Use this route to call Bedrock Imported Models that follow the llama Invoke Request / Response spec

SDK
Proxy

from litellm import completion
import os

response = completion(
    model="bedrock/llama/arn:aws:bedrock:us-east-1:086734376398:imported-model/r4c4kewx2s0n",  # bedrock/llama/{your-model-arn}
    messages=[{"role": "user", "content": "Tell me a joke"}],
)

1. Add to config

model_list:
    - model_name: DeepSeek-R1-Distill-Llama-70B
      litellm_params:
        model: bedrock/llama/arn:aws:bedrock:us-east-1:086734376398:imported-model/r4c4kewx2s0n

2. Start proxy

litellm --config /path/to/config.yaml

# RUNNING at http://0.0.0.0:4000

3. Test it!

curl --location 'http://0.0.0.0:4000/chat/completions' \
      --header 'Authorization: Bearer sk-1234' \
      --header 'Content-Type: application/json' \
      --data '{
            "model": "DeepSeek-R1-Distill-Llama-70B", # 👈 the 'model_name' in config
            "messages": [
                {
                "role": "user",
                "content": "what llm are you"
                }
            ],
        }'

Qwen3 Imported Models

Property	Details
Provider Route	`bedrock/qwen3/{model_arn}`
Provider Documentation	Bedrock Imported Models, Qwen3 Models

SDK
Proxy

from litellm import completion
import os

response = completion(
    model="bedrock/qwen3/arn:aws:bedrock:us-east-1:086734376398:imported-model/your-qwen3-model",  # bedrock/qwen3/{your-model-arn}
    messages=[{"role": "user", "content": "Tell me a joke"}],
    max_tokens=100,
    temperature=0.7
)

1. Add to config

model_list:
    - model_name: Qwen3-32B
      litellm_params:
        model: bedrock/qwen3/arn:aws:bedrock:us-east-1:086734376398:imported-model/your-qwen3-model

2. Start proxy

litellm --config /path/to/config.yaml

# RUNNING at http://0.0.0.0:4000

3. Test it!

curl --location 'http://0.0.0.0:4000/chat/completions' \
      --header 'Authorization: Bearer sk-1234' \
      --header 'Content-Type: application/json' \
      --data '{
            "model": "Qwen3-32B", # 👈 the 'model_name' in config
            "messages": [
                {
                "role": "user",
                "content": "what llm are you"
                }
            ],
        }'

Qwen2 Imported Models

Property	Details
Provider Route	`bedrock/qwen2/{model_arn}`
Provider Documentation	Bedrock Imported Models
Note	Qwen2 and Qwen3 architectures are mostly similar.

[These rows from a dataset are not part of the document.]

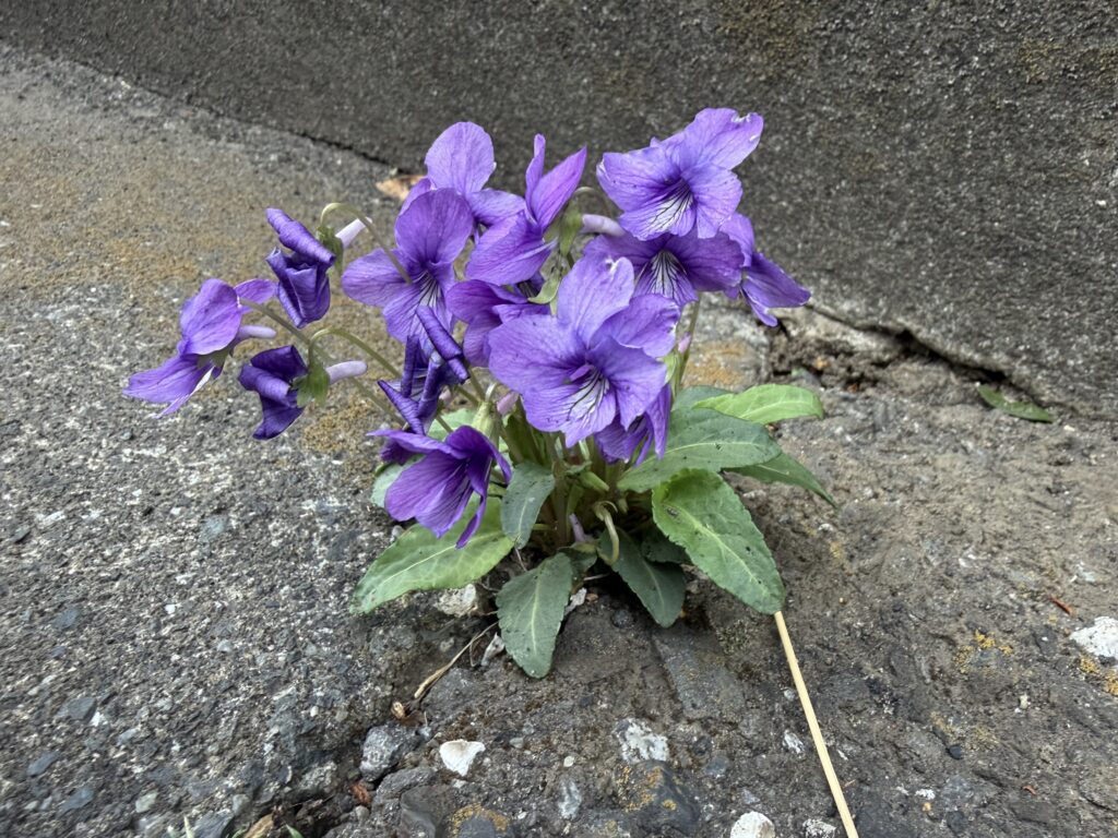 家から駅に向かう途中、舗装されたコンクリートの間にすみれが咲いています。
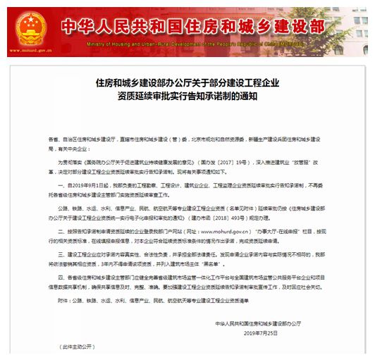 一、自2019年9月1日起,我部负责的工程勘察、工程设计、建筑业企业、工程监理企业资质延续审批实行告知承诺制,不再委托各省级住房和城乡建设主管部门实施资质延续审查工作。
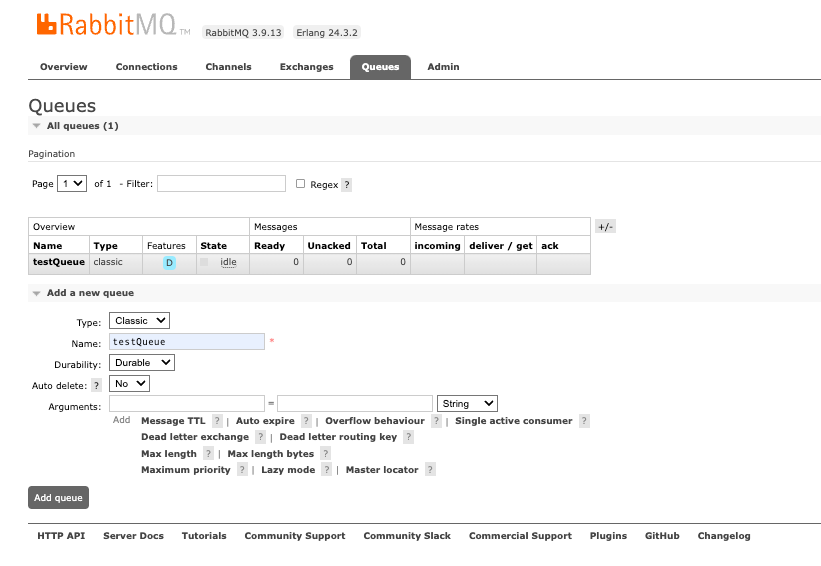 - RabbitMQ 에서 Queue 생성 (이름은 testQueue, 아래 그림 참조)
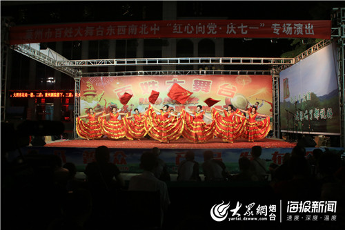 大众网·海报新闻莱州7月1日讯 (记者 孙国栋 通讯员 徐菡婧) 为庆祝中国共产党成立98周年,弘扬时代精神,向党的生日献礼。莱州市文化和旅游局组织开展“百姓大舞台东西南北中红心向党”演出活动,6月30日,启动仪式在莱州剧院广场盛大呈现。
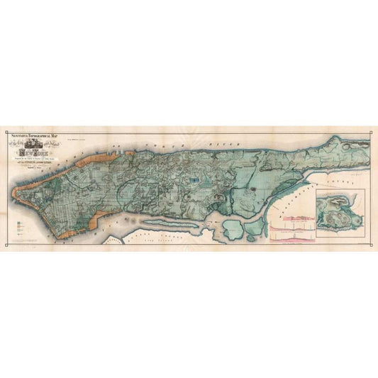 Map of Manhattan Island, 1865 Black Modern Wood Framed Art Print by Anonymous
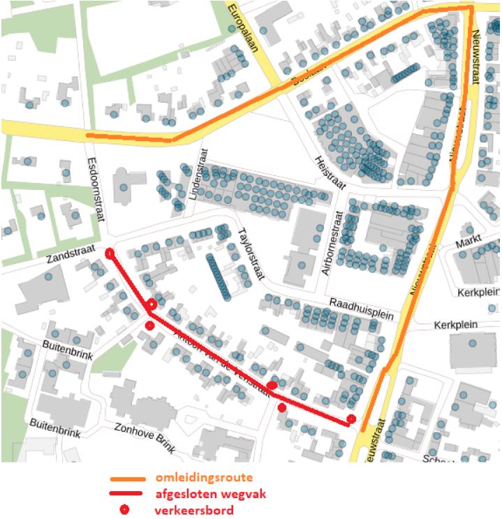 Bij werkzaamheden en evenementen in de Nieuwstraat is de Antoon van de Venstraat een noodzakelijke schakel om de verkeerscirculatie in stand te houden. Op die momenten geldt het inrijdverbod dus niet.
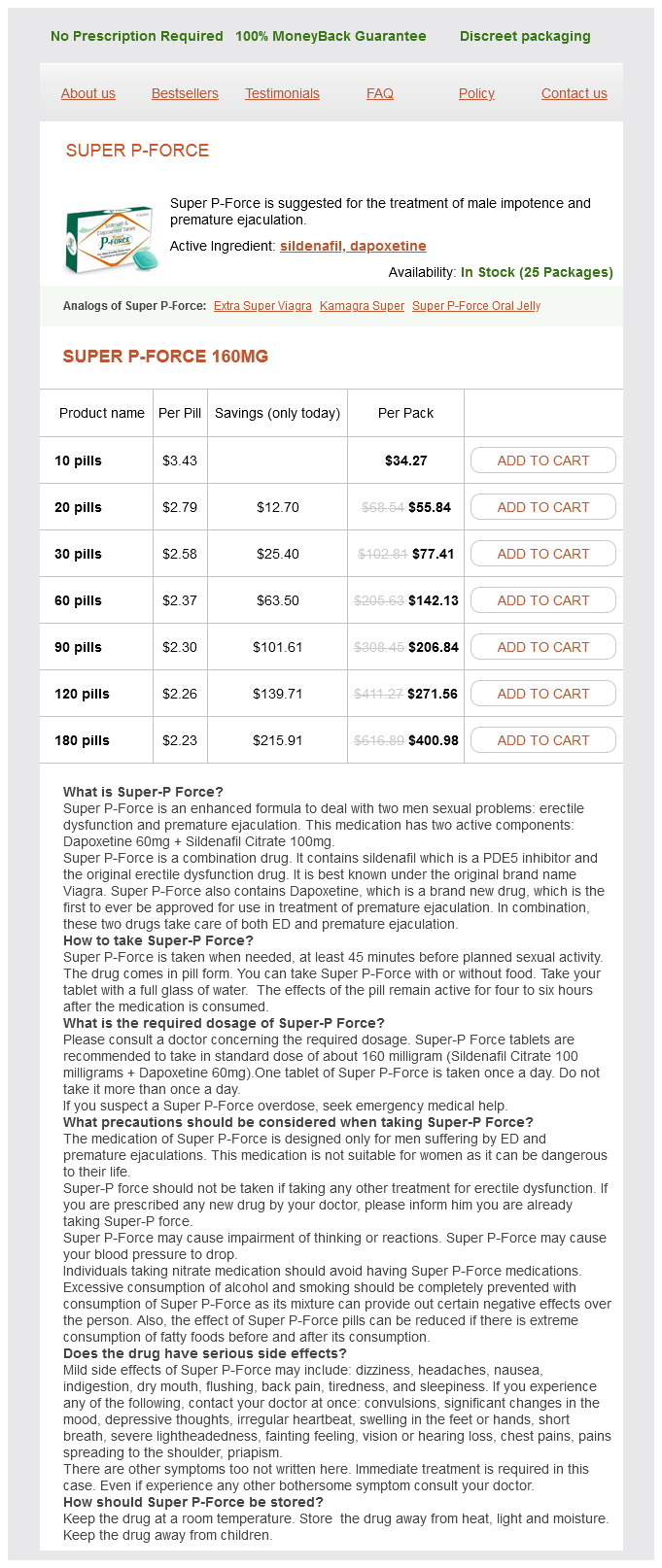 Tags: cheap 160 mg super p-force with visa, best 160 mg super p-force, discount 160 mg super p-force overnight delivery, 160 mg super p-force
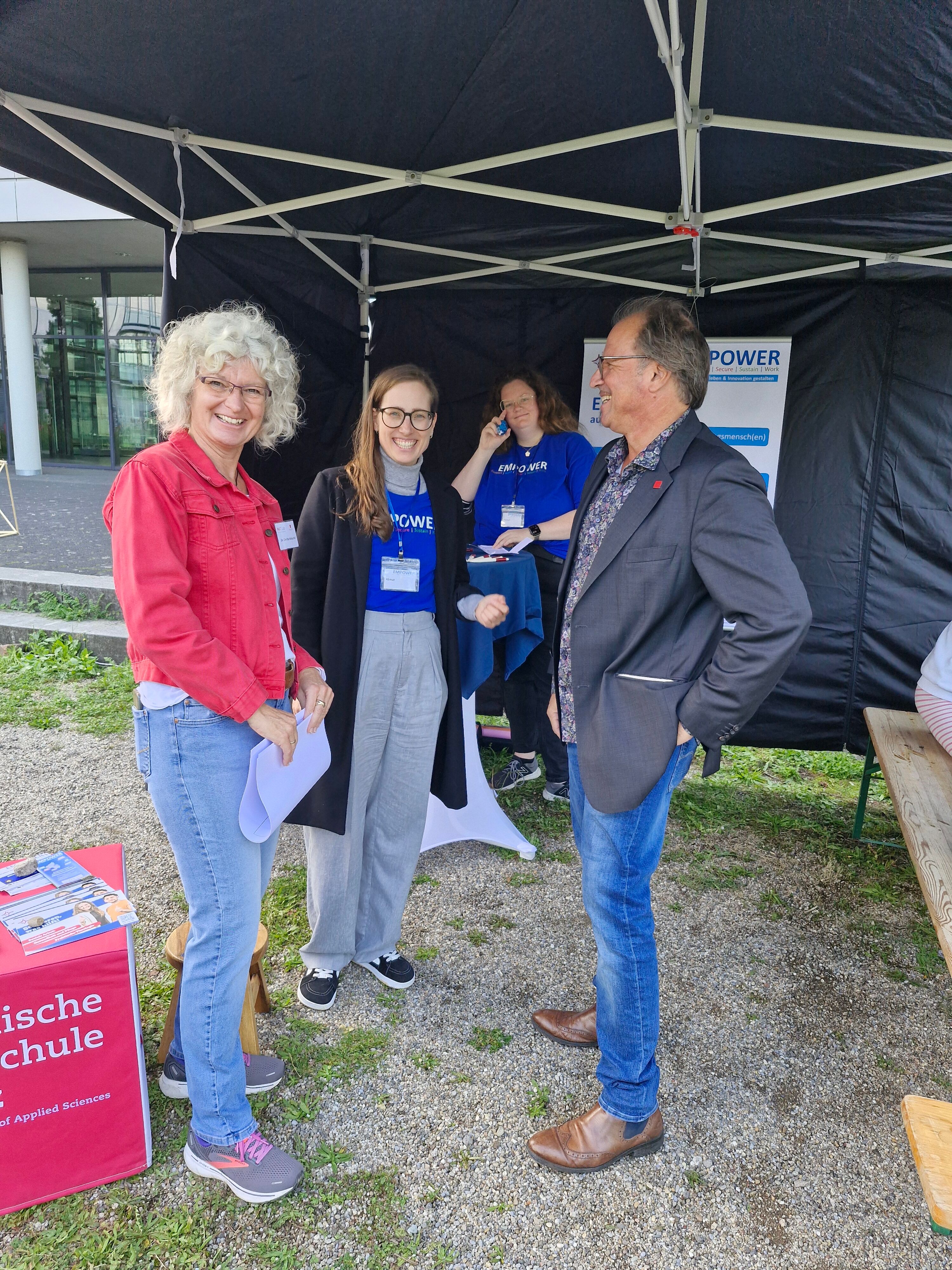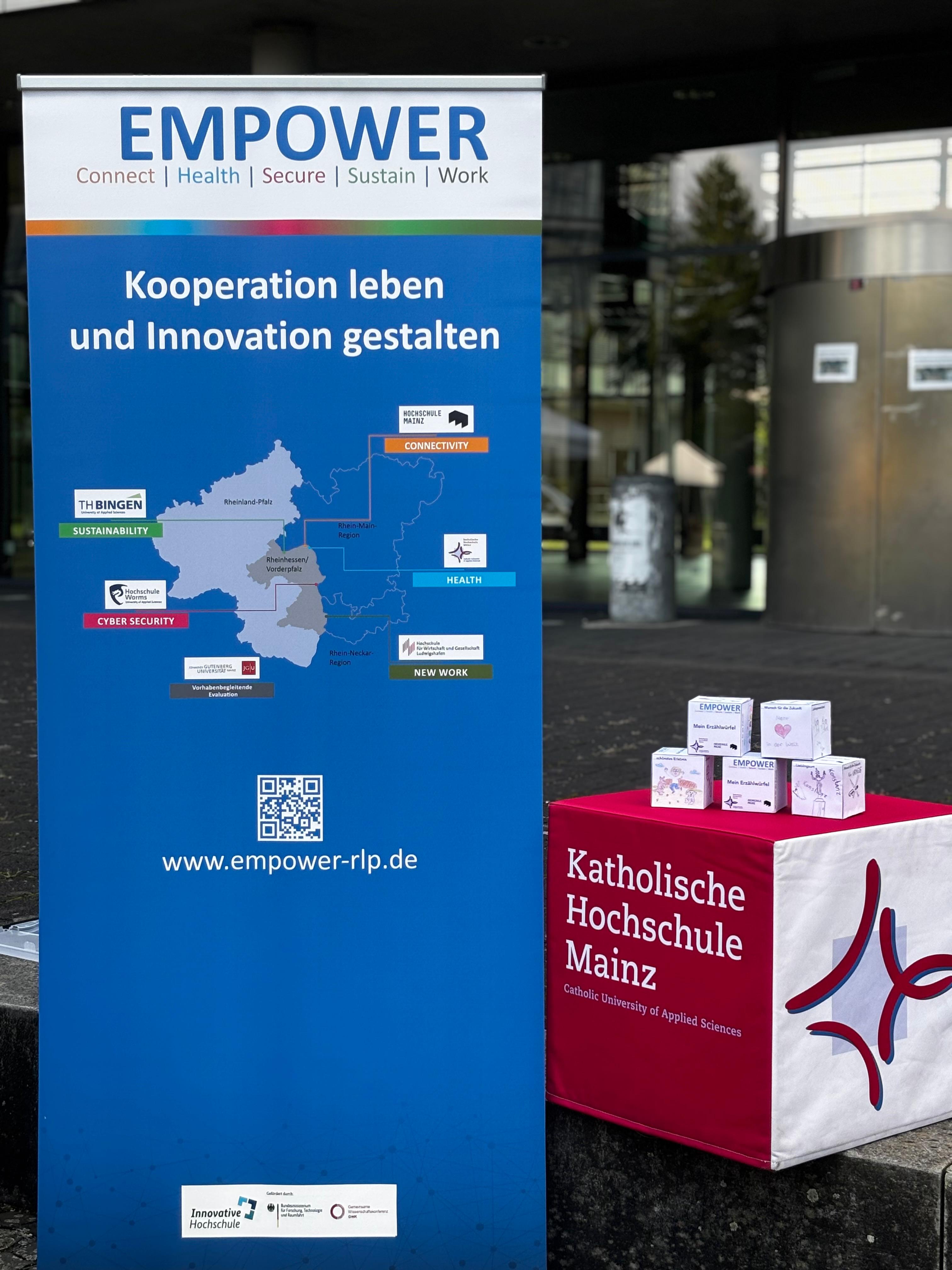Das EMPOWER-Verbundprojekt war über die Katholische Hochschule Mainz mit dem Projekt „Soziale Teilhabe digital“ vertreten. Das Team – Almut Plath, Sophia Timmermann und Hannah Schilling– freute sich, auf ein buntes, generationenübergreifendes Publikum zu treffen.
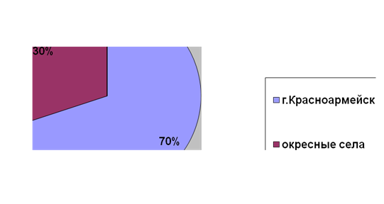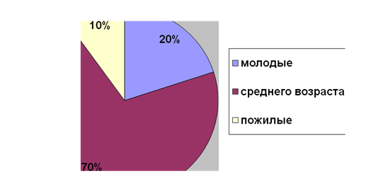 Рисунок 3. Структура покупателей по географическому признаку Проанализировав структуру покупателей магазина по возрастным категориям, мы выяснили, что основную часть покупателей магазина составляют люди среднего возраста (70%), на втором месте – молодые люди — студенты и работающие (20%), и покупатели пожилого возраста – пенсионеры (10%).

The main difference is in the response format: Qwen2 uses "text" field while Qwen3 uses "generation" field.

SDK
Proxy

from litellm import completion
import os

response = completion(
    model="bedrock/qwen2/arn:aws:bedrock:us-east-1:086734376398:imported-model/your-qwen2-model",  # bedrock/qwen2/{your-model-arn}
    messages=[{"role": "user", "content": "Tell me a joke"}],
    max_tokens=100,
    temperature=0.7
)

1. Add to config

model_list:
    - model_name: Qwen2-72B
      litellm_params:
        model: bedrock/qwen2/arn:aws:bedrock:us-east-1:086734376398:imported-model/your-qwen2-model

2. Start proxy

litellm --config /path/to/config.yaml

# RUNNING at http://0.0.0.0:4000

3. Test it!

curl --location 'http://0.0.0.0:4000/chat/completions' \
      --header 'Authorization: Bearer sk-1234' \
      --header 'Content-Type: application/json' \
      --data '{
            "model": "Qwen2-72B", # 👈 the 'model_name' in config
            "messages": [
                {
                "role": "user",
                "content": "what llm are you"
                }
            ],
        }'

OpenAI-Compatible Imported Models (Qwen 2.5 VL, etc.)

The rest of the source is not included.